SPEC2017 Single-Threaded Results

SPEC2017 is a series of standardized tests used to probe the overall performance between different systems, different architectures, different microarchitectures, and setups. The code has to be compiled, and then the results can be submitted to an online database for comparison. It covers a range of integer and floating point workloads, and can be very optimized for each CPU, so it is important to check how the benchmarks are being compiled and run.

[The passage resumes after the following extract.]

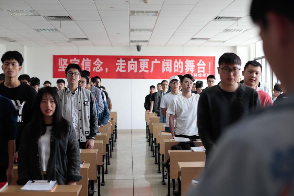 最后,考研班班长任孝涵带领全体考研班同学宣誓,同学们的声音在教室里回荡,他们用青春的名义宣誓:
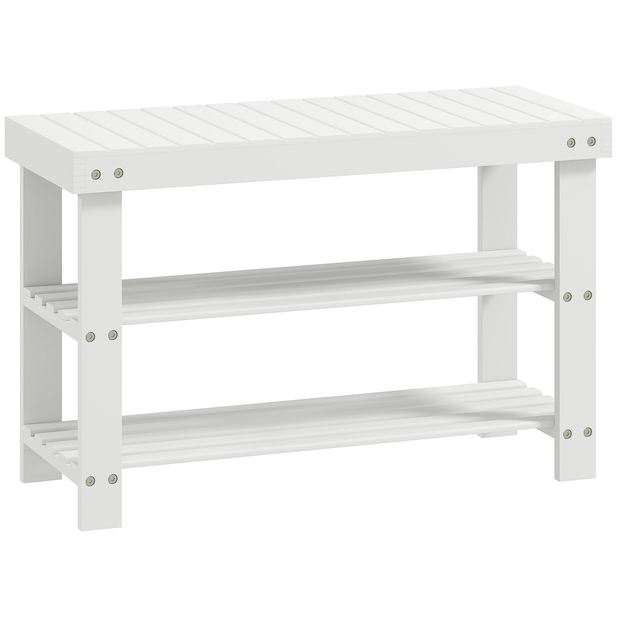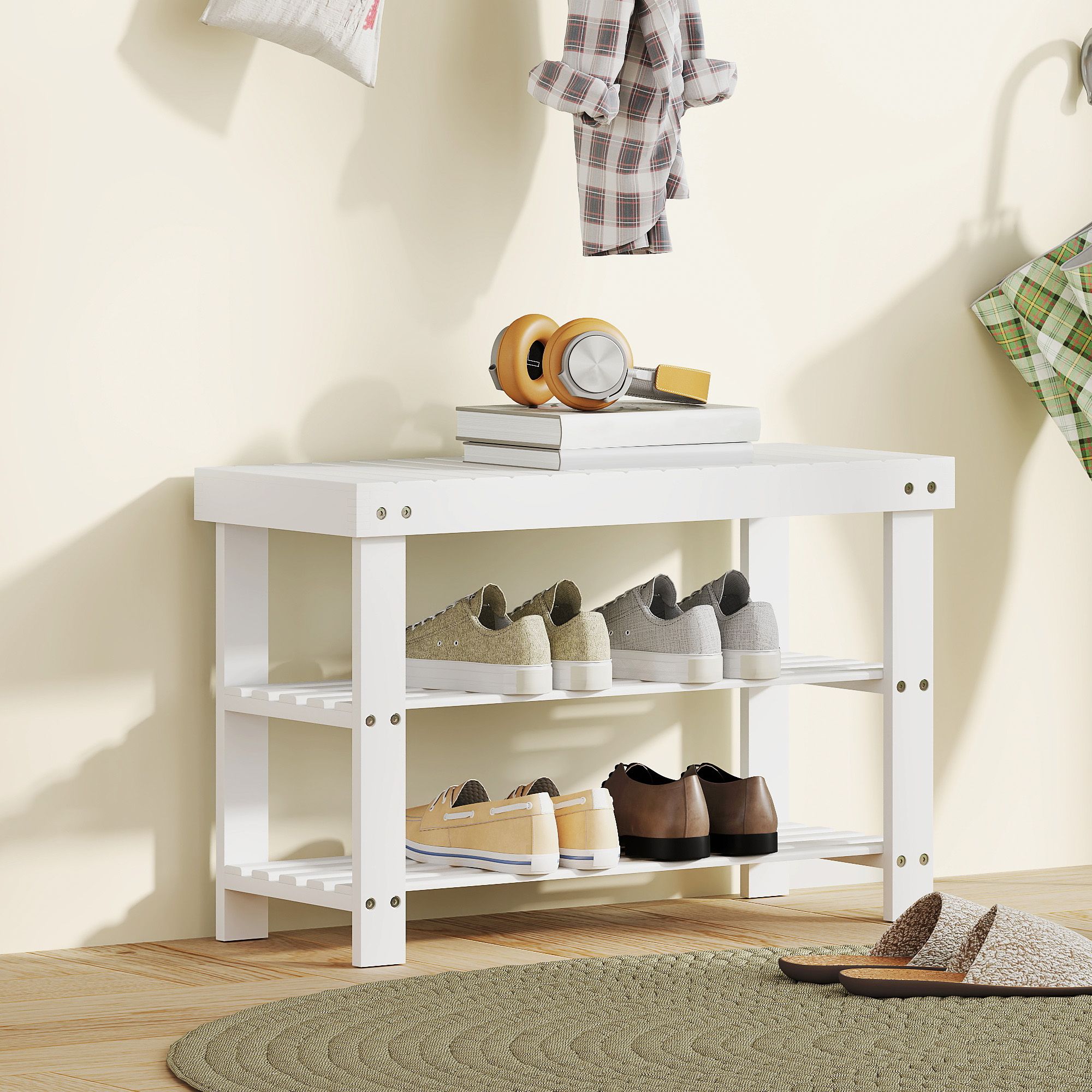 ATHERBY Bamboo Shoe Storage Bench with 2 Shelves - White

We run the tests in a harness built through Windows Subsystem for Linux, developed by Andrei Frumusanu. WSL has some odd quirks, with one test not running due to a WSL fixed stack size, but for like-for-like testing it is good enough. Because our scores aren’t official submissions, as per SPEC guidelines we have to declare them as internal estimates on our part.

For compilers, we use LLVM both for C/C++ and Fortan tests, and for Fortran we’re using the Flang compiler. The rationale of using LLVM over GCC is better cross-platform comparisons to platforms that have only have LLVM support and future articles where we’ll investigate this aspect more. We’re not considering closed-sourced compilers such as MSVC or ICC.

clang version 10.0.0
clang version 7.0.1 (ssh://git@github.com/flang-compiler/flang-driver.git
 24bd54da5c41af04838bbe7b68f830840d47fc03)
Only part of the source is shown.